In june 2017 inflation rate marked -0.4% month on month and 7.1% year on year, while National Bank of Georgia has set annual target inflation rate at 4%. Despite slight contraction in general level of prices in June 2017, prices have risen anyway, as compared to the same period of 2016.
Georgia has not recorded higher than 7.1% inflation since August 2011.
In June 2017, major contraction in prices was recorded for vegetables, while a major rise in prices was registered for tobacco products.
Change in prices in the following groups have mainly determined a formation of inflation indicator:
Food and soft drinks: Prices declined by 1.5% in the group with -0.45% effect in total inflation indicator. Prices declined in the following subgroups: vegetable (-9%), milk, cheese and egg (-2.1%), oil and fat (-1.1%) and fruit and grapes (-0.9%).
Strong drinks, tobacco: prices in the group rose by 2.5%. Consequently, the group’s ratio in total inflation indicator marked 0.17%. Prices rose on strong drinks (1.3%) and tobacco products (3.6%).
As noted above, the previous month recorded a downturn in prices, but inflation rate rose anyway.

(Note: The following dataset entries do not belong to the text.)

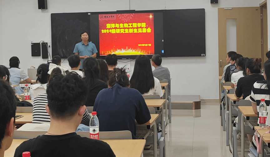 9月14日下午,海洋与生物工程学院2024级研究生新生见面会在盐龙湖先进技术研究院教学楼401教室举行。海生学院院长彭斌、党总支书记高留才、副院长齐志涛、张丽,党总支副书记孙新华、教科研办公室学科秘书陈小冬和吕永梅,研究生新生代表等40余人参加。会议由副院长齐志涛主持。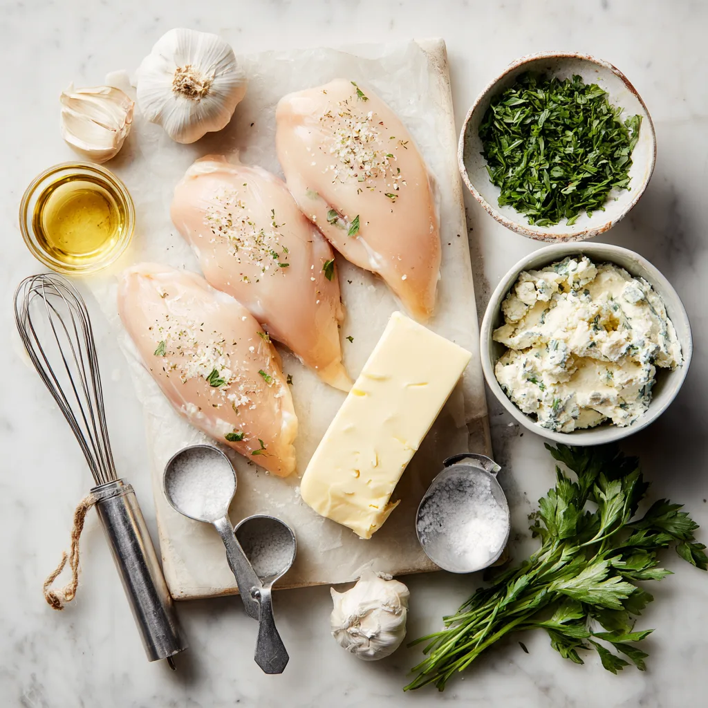 - Season chicken with salt and pepper. Sear in butter and oil for 4–5 minutes per side until golden. Remove from pan.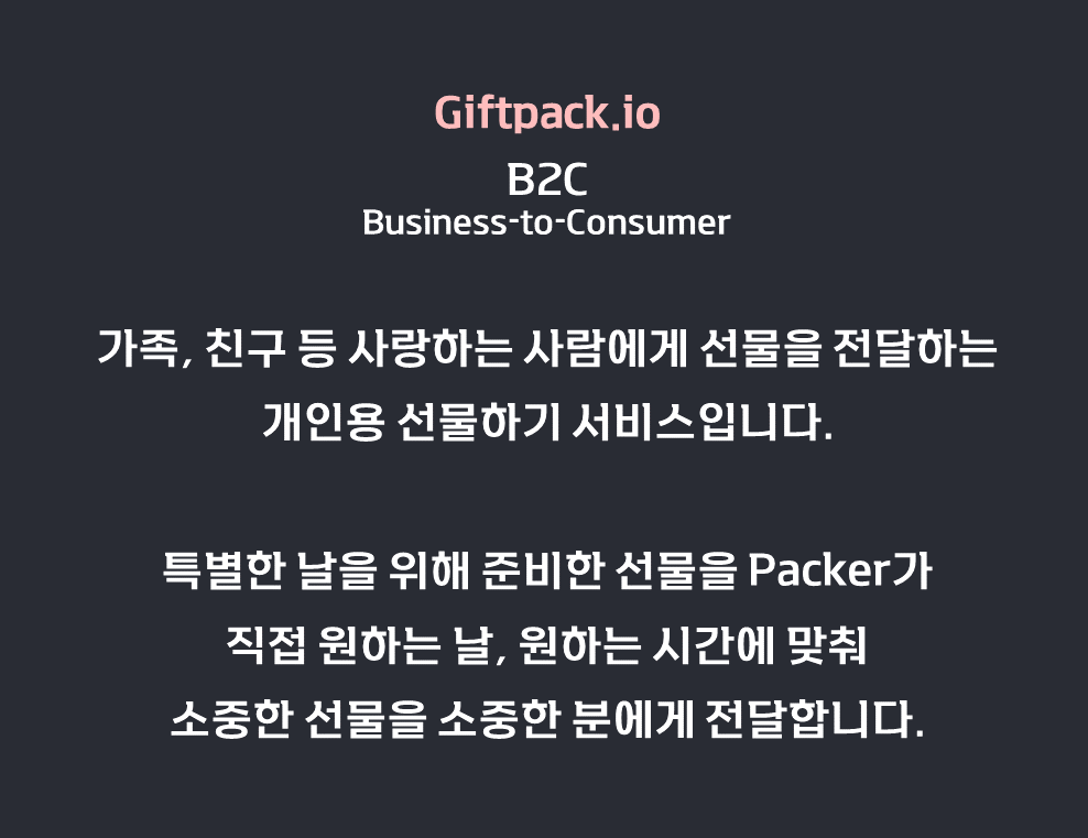 정식으로 프로토타입 개발에 들어가기 전에 Giftpack이란 어떤 회사인지 또한 어떤 API 문서를 가지고 있는 회사인지 소개 드리려 해요!

As compared to the previous year, almost all products have risen in price, including vegetables, fruits, transport and healthcare services. Price changes in the following groups have made affect on shaping annual inflation:
Food and alcoholic beverages: Prices have increased by 9.5% with 2.87% ratio in total growth. Prices increased in the following subgroups: vegetables (33.7%), fruits and grapes (15.7%), milk, cheese and egg (11%), sugar, jam and other sweets (10.4%), coffee, tea and cocoa (5.3%).
Transport: prices rose by 15.3% with 1.92% ratio in inflation index growth. Prices increased on personal transport exploitation (21%), a purchase of transport (12.9%) and transport services (4.6%);
Alcoholic beverages, tobacco: price rose by 18.2% with 1.18% ratio in total index growth. Prices rose on tobacco products (36.8%) and alcoholic beverages (3%).
Healthcare: prices rose by 7.4% with 0.66% ratio in total index. Prices increased on medical products, equipment and devices (21.3) and inpatient medical services (5.4%).
It should be noted that the monetary policy committee of National Bank of Georgia (NBG) took decision on June 14, 2017 on maintaining refinancing rate unchanged. As a result, today refinancing rate constitutes 7%. YTD, NBG tightened monetary policy by only 0.5%, despite the fact starting January 1, 2017 the excise tax rate rose on tobacco products and fuel. Consequently, NBG’s initial forecast increased inflation expectations. The next meeting of monetary policy committee will be held on July 26, 2017.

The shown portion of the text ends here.